Records for this task:
************
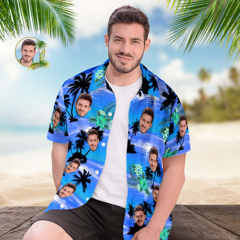 Personalised Shirt Men's Popular All Over Print Hawaiian Beach Shirt Holiday Gift - Blue Coast
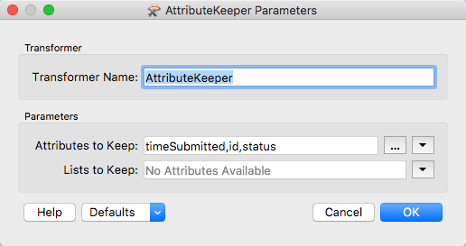 Next, add the AttributeKeeper. Attach the AttributeKeeper to the JSONFragmenter. Under parameters and Attributes to Keep: write timeSubmitted, id, status.
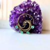 These exquisite brass hoop earrings showcase a captivating swirl filigree design adorned with four teardrop-shaped green gemstones, beautifully set to reflect light with every movement. The handcrafted details highlight traditional metalwork, creating an elegant and artistic piece that adds a vibrant touch to any look.
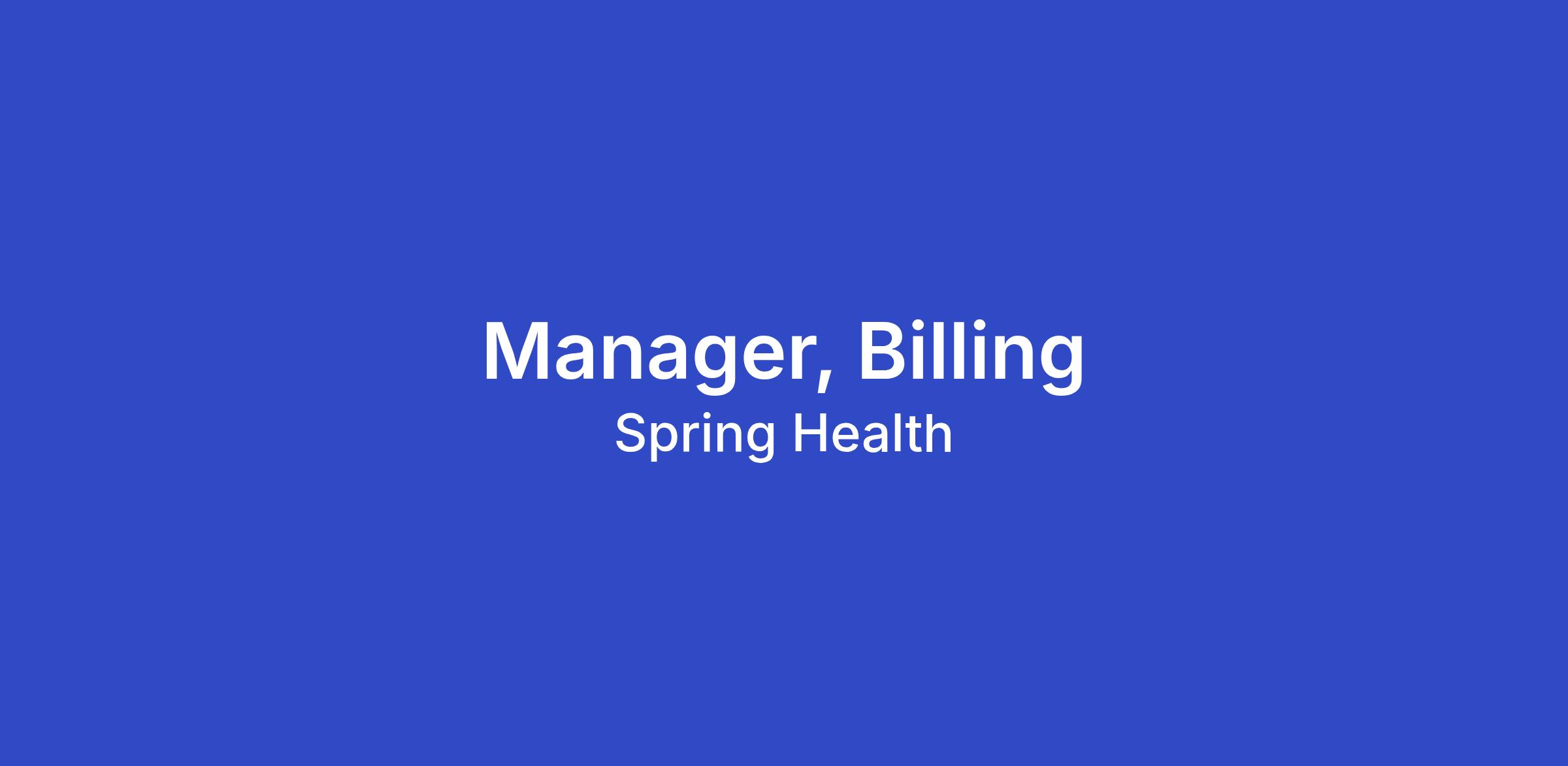 Reporting to the Associate Director of Revenue Cycle, the Manager, Billing will lead a high-performing team responsible for managing all aspects of the billing team, which includes but is not limited to, getting all claims successfully from the point of documentation by the provider to the appropriate party for payment. This remote role is part of the Operations team and plays a critical role in ensuring a seamless and patient-centered billing experience while improving internal processes and service performance. At Spring Health we value internal mobility. We have identified a strong internal candidate for this position. We still encourage candidates to apply.
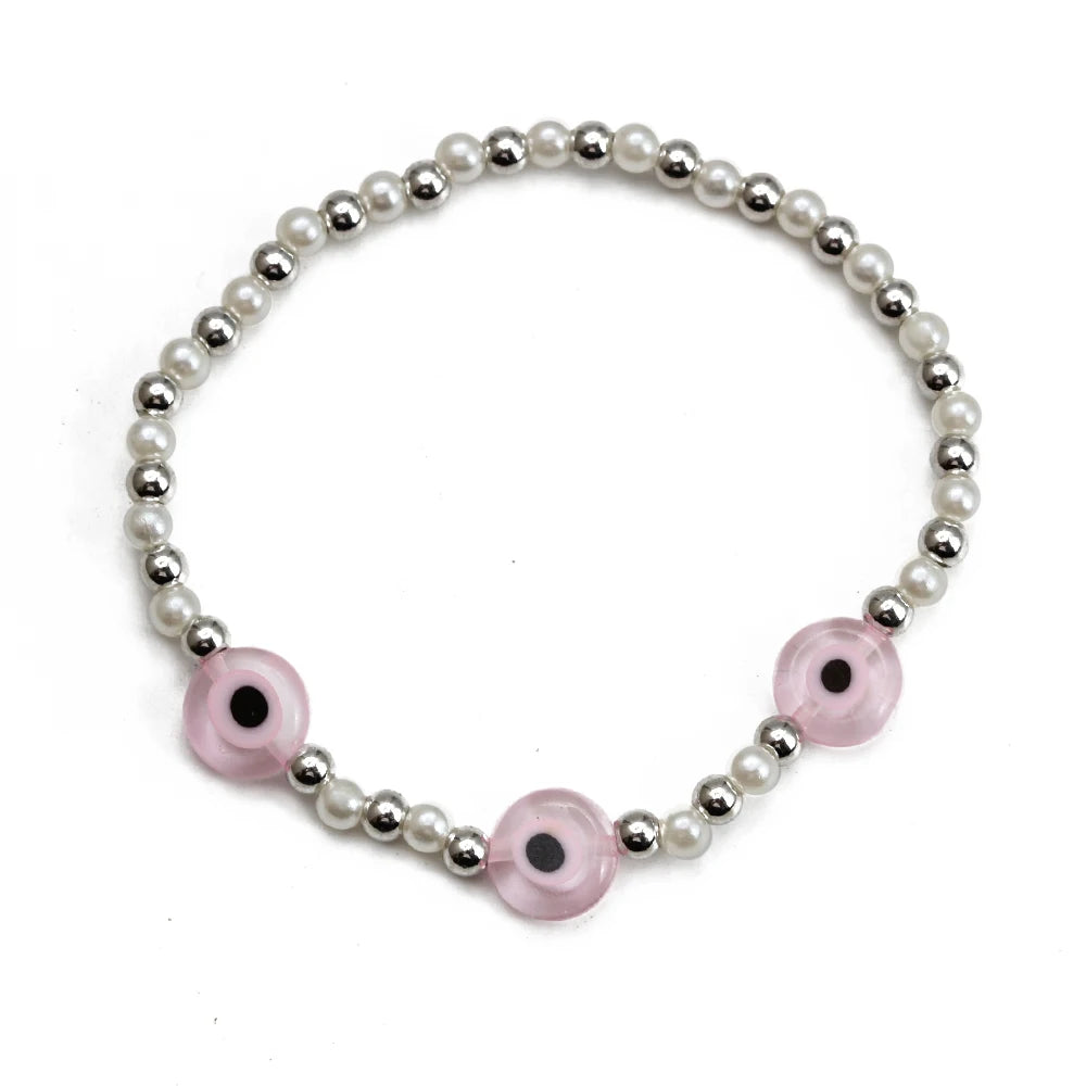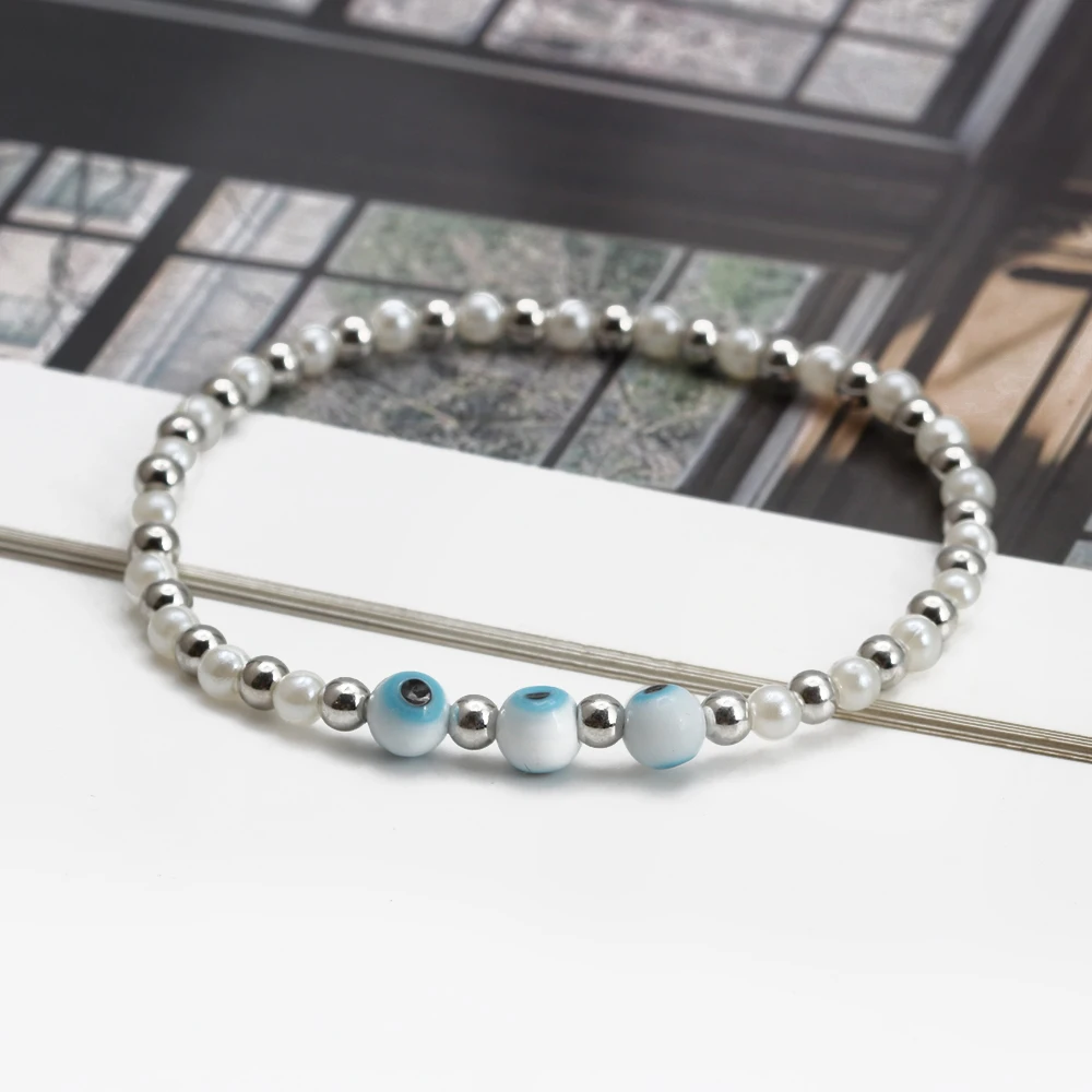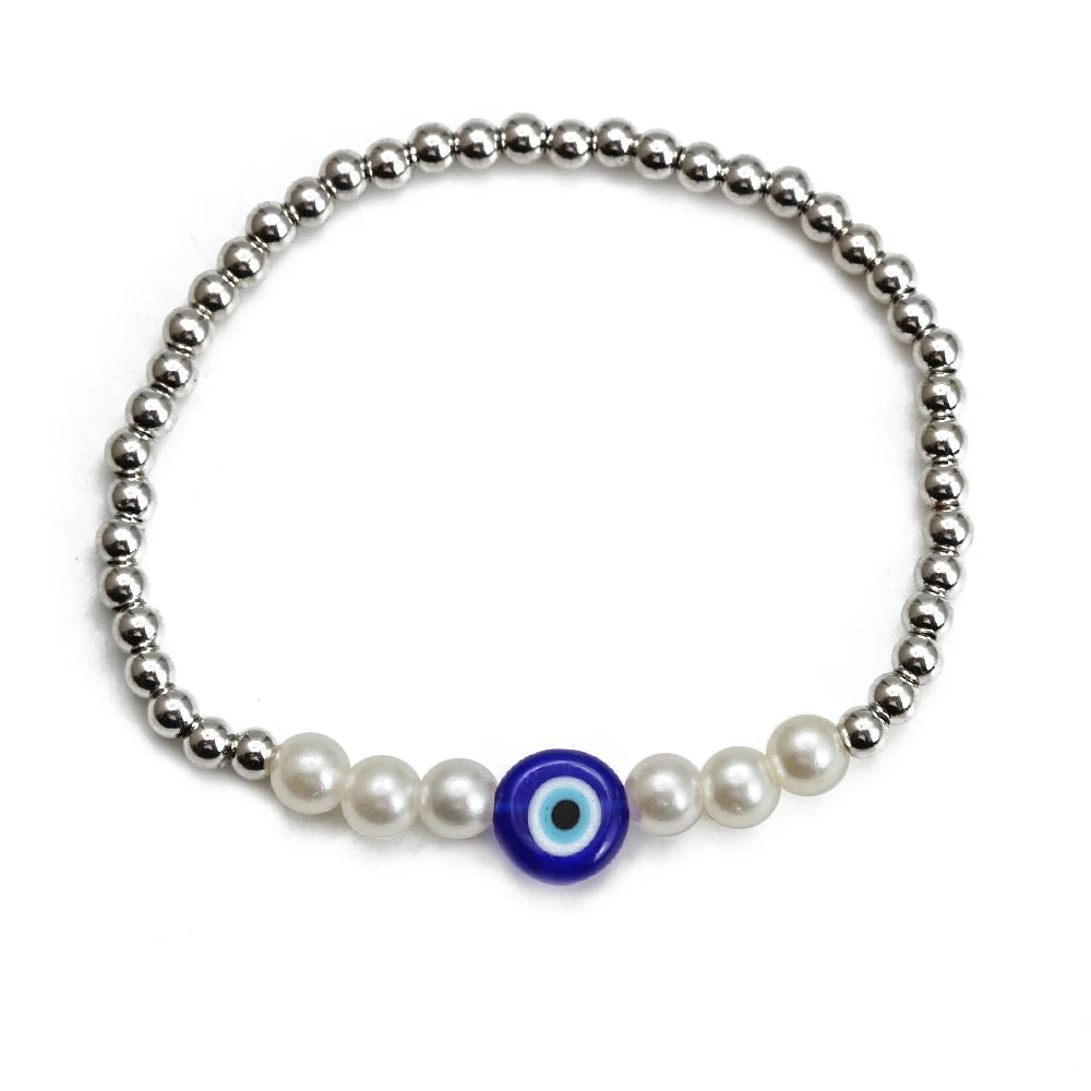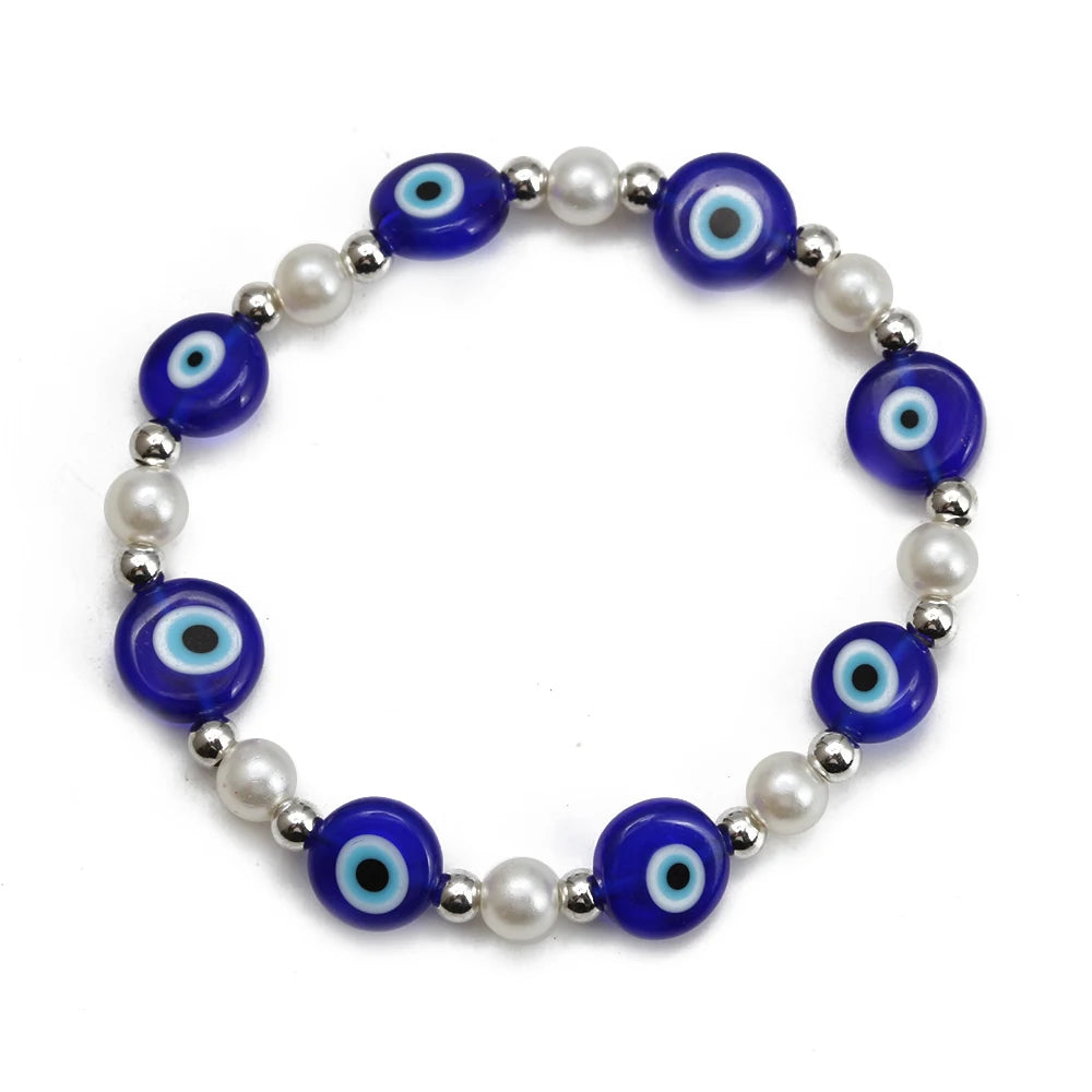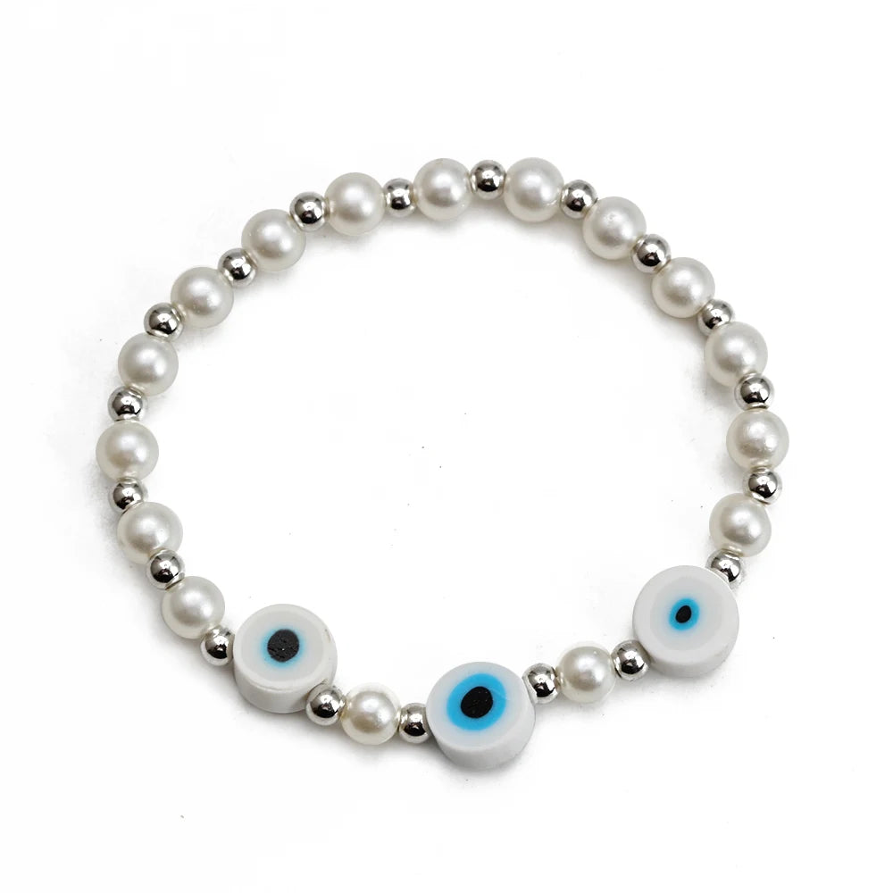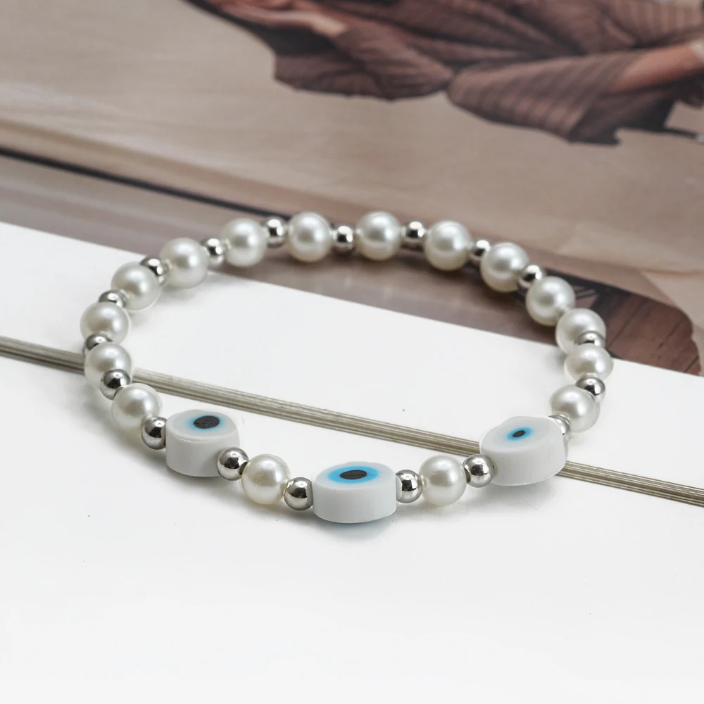 EVIL EYE Adjustable Imitation Pearl Blue Evil Eye Bead Bracelet Adjustable Copper Beaded Bracelet for Women Girls Men BE948
************
Work request:
In the reply, give again exactly the lines from the beginning of the entries above through the line with "Next, add the"; pictures stay out.

Response area:
 Personalised Shirt Men's Popular All Over Print Hawaiian Beach Shirt Holiday Gift - Blue Coast
 Next, add the AttributeKeeper. Attach the AttributeKeeper to the JSONFragmenter. Under parameters and Attributes to Keep: write timeSubmitted, id, status.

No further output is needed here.